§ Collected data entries

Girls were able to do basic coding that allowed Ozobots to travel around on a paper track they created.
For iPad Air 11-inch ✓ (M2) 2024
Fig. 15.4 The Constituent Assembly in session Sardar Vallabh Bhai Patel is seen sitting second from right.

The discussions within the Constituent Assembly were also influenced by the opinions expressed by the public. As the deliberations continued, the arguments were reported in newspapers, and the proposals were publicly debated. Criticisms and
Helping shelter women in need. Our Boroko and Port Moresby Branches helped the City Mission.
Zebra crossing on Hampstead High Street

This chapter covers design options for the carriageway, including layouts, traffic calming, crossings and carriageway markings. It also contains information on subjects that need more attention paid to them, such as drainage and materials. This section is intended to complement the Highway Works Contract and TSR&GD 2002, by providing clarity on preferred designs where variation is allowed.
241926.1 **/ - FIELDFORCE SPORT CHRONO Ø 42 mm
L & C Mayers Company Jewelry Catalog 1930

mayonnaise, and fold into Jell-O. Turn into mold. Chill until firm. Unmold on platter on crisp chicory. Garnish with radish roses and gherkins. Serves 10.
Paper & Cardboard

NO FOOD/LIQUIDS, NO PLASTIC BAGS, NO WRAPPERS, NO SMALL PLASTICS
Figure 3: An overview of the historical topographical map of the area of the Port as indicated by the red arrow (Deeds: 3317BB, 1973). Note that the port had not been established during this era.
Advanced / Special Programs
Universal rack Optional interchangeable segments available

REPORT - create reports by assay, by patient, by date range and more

* * *

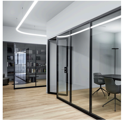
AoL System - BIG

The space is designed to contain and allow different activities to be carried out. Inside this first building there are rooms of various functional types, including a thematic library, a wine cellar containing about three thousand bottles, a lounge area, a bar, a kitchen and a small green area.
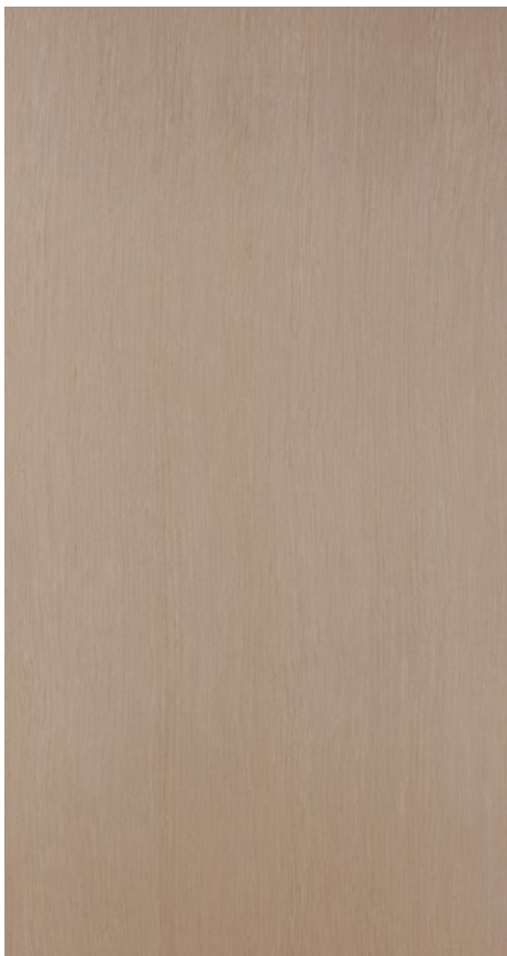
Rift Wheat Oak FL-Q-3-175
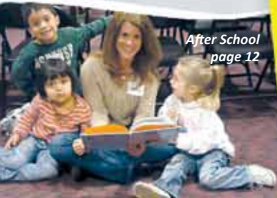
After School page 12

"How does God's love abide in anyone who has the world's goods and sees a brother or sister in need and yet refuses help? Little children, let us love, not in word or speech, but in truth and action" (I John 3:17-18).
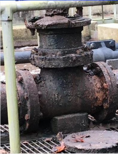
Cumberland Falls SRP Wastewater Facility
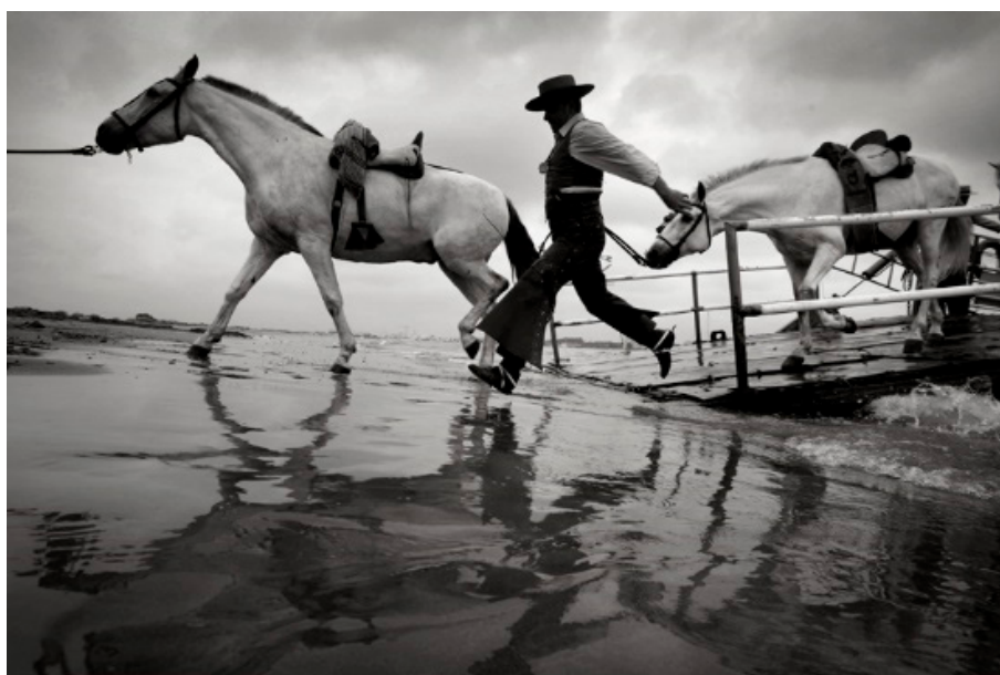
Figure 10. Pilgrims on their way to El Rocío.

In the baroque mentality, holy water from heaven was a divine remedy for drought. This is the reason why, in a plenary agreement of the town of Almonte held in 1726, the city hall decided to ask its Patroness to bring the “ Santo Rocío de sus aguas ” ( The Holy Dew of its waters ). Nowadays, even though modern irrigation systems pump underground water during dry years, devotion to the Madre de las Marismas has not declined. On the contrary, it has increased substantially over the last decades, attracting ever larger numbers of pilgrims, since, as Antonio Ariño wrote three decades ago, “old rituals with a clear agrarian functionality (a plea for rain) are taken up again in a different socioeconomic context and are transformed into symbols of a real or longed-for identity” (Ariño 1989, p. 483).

---

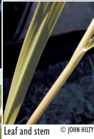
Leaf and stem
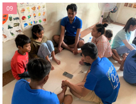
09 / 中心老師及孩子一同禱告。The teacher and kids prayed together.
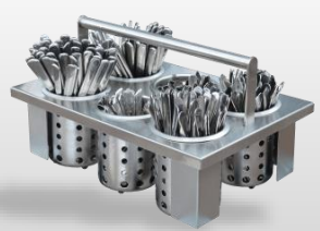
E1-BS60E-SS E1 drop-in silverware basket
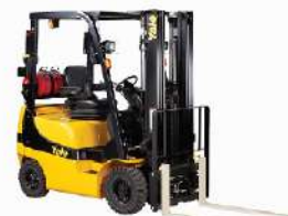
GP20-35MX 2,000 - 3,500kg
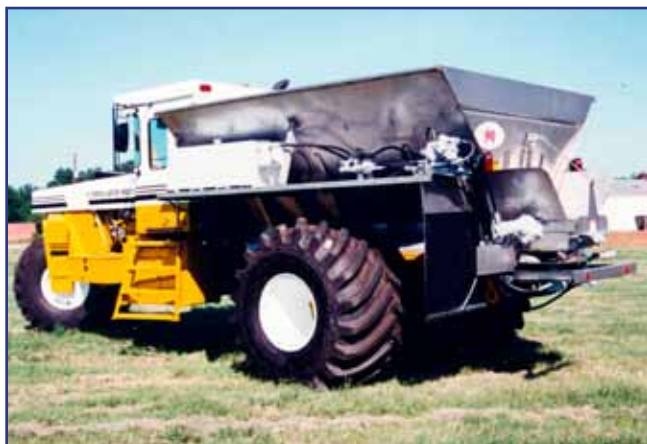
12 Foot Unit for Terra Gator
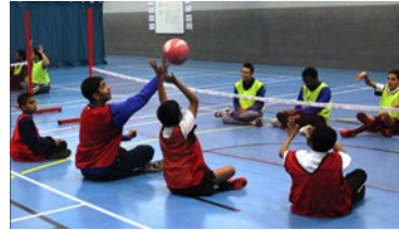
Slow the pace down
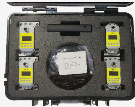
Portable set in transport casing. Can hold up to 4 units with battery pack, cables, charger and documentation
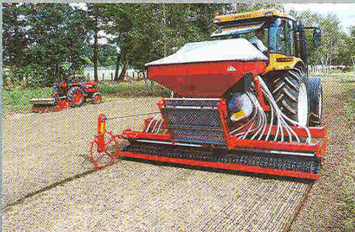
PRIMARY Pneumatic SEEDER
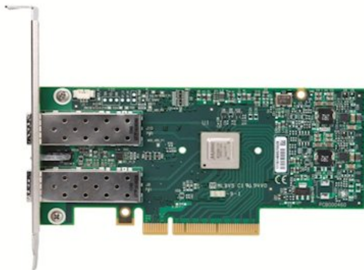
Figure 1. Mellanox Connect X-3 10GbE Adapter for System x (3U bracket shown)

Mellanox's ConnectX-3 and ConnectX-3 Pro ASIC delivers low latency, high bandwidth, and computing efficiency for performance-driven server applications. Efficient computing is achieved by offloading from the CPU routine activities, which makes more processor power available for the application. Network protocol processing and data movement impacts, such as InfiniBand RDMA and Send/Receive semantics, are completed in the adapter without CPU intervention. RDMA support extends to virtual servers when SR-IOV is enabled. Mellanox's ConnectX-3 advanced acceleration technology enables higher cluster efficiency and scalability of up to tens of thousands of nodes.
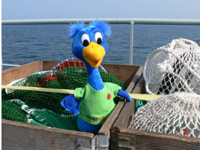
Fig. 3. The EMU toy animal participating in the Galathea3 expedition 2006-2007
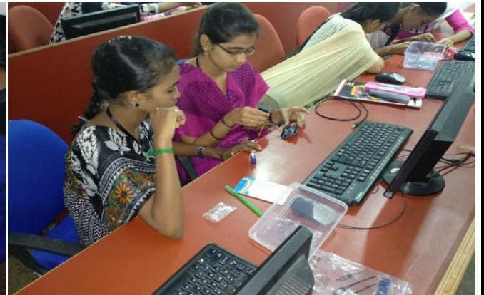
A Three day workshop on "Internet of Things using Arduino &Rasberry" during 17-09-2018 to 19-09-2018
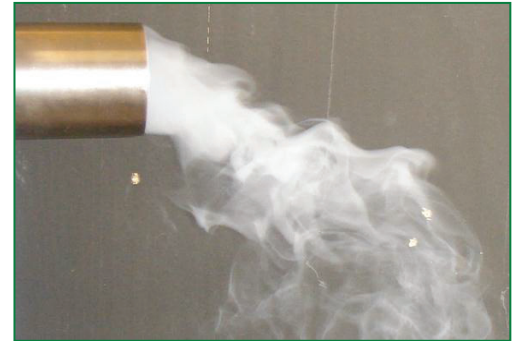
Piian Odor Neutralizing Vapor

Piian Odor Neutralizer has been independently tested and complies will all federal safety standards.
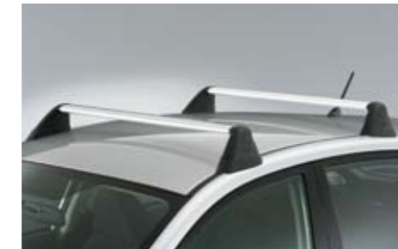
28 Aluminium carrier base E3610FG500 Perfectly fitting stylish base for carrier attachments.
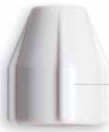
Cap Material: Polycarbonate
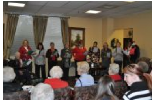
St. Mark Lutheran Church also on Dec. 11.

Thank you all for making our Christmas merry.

§ WHAT YOU NEED TO DO
Select and copy every line from the records that includes the word "been".

§ RESPONSE TO THIS EXERCISE
Figure 3: An overview of the historical topographical map of the area of the Port as indicated by the red arrow (Deeds: 3317BB, 1973). Note that the port had not been established during this era.
Piian Odor Neutralizer has been independently tested and complies will all federal safety standards.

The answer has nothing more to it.